- **TASK INSTRUCTIONS**
Your answer should repeat exactly the lines from the one holding "Dok su hiljade" through the end of the data, and it should contain no pictures.

- **RECORD SET**
-*-
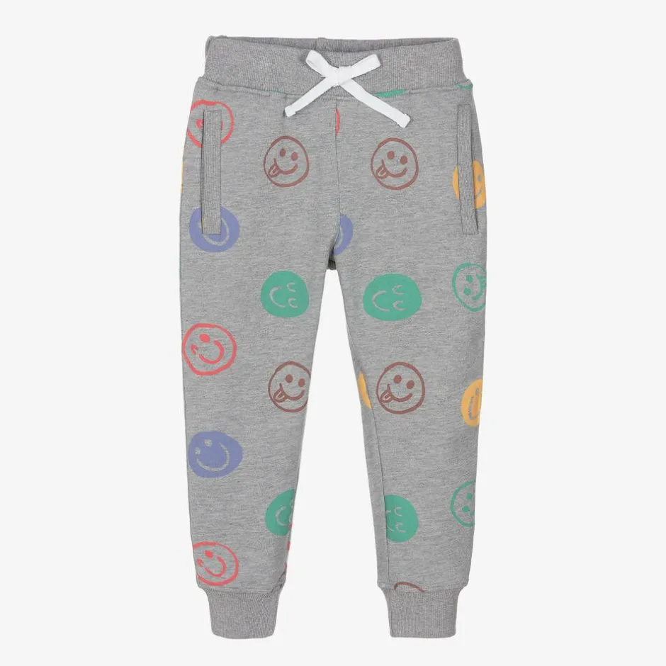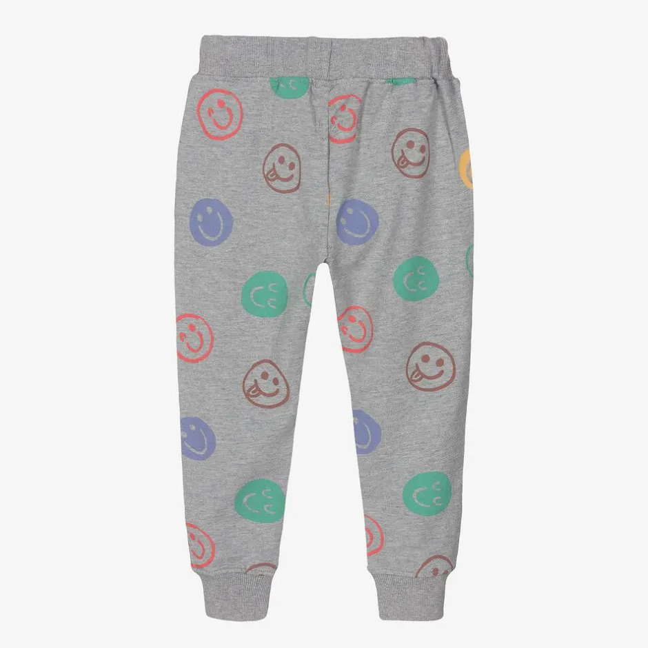 Fun grey marl cotton joggers for boys and girls by Joyday, exclusive to Childrensalon. Made in comfortable jersey for casual days, they have a colourful print of happy faces and neat ribbed trims. The ribbed waistband has a white drawstring for a great fit, and there are useful pockets on the front.
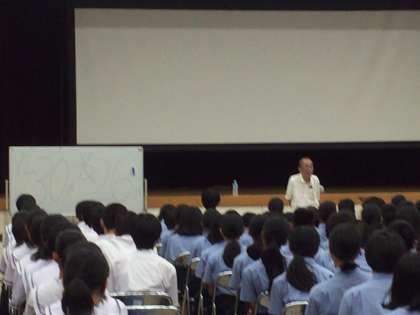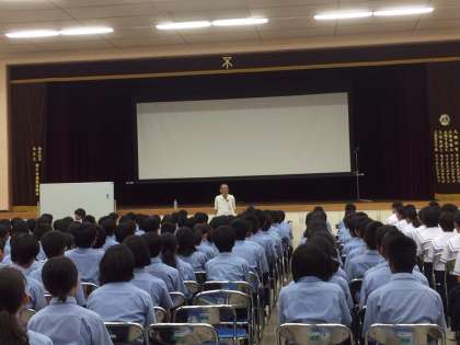 校長先生のお話に続いて、広島被爆体験者の飯田さんに、平和人権講演をしていただきました。
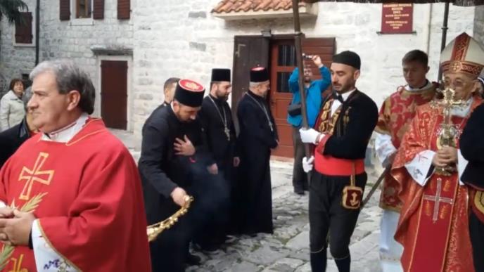 Dok su hiljade Bokelja bili u litiji prema manastiru Podlastva, raspopi iz NVO CPC bajali su procesiju sa moštima Svetog Tripuna koju je predvodio Rok Đonlješaj, apostolski upravitelj Kotorske biskupije
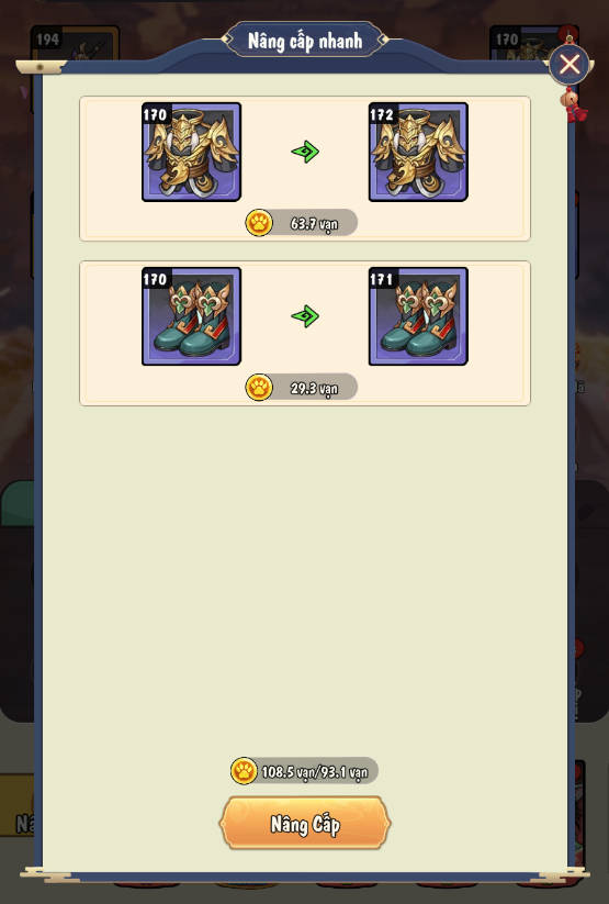 Hãy nâng cấp trang bị thường xuyên để duy trì sức mạnh đội hình và vượt qua các thử thách khó hơn trong game.
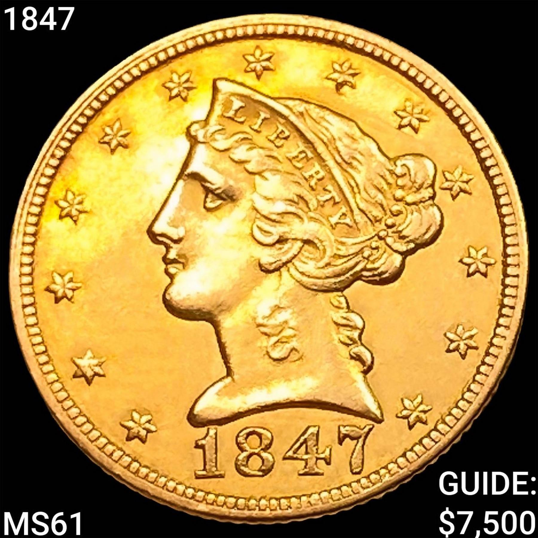 1847 $5 Gold Half Eagle UNCIRCULATED
-*-
- **FINAL ANSWER**
 Dok su hiljade Bokelja bili u litiji prema manastiru Podlastva, raspopi iz NVO CPC bajali su procesiju sa moštima Svetog Tripuna koju je predvodio Rok Đonlješaj, apostolski upravitelj Kotorske biskupije
 Hãy nâng cấp trang bị thường xuyên để duy trì sức mạnh đội hình và vượt qua các thử thách khó hơn trong game.
 1847 $5 Gold Half Eagle UNCIRCULATED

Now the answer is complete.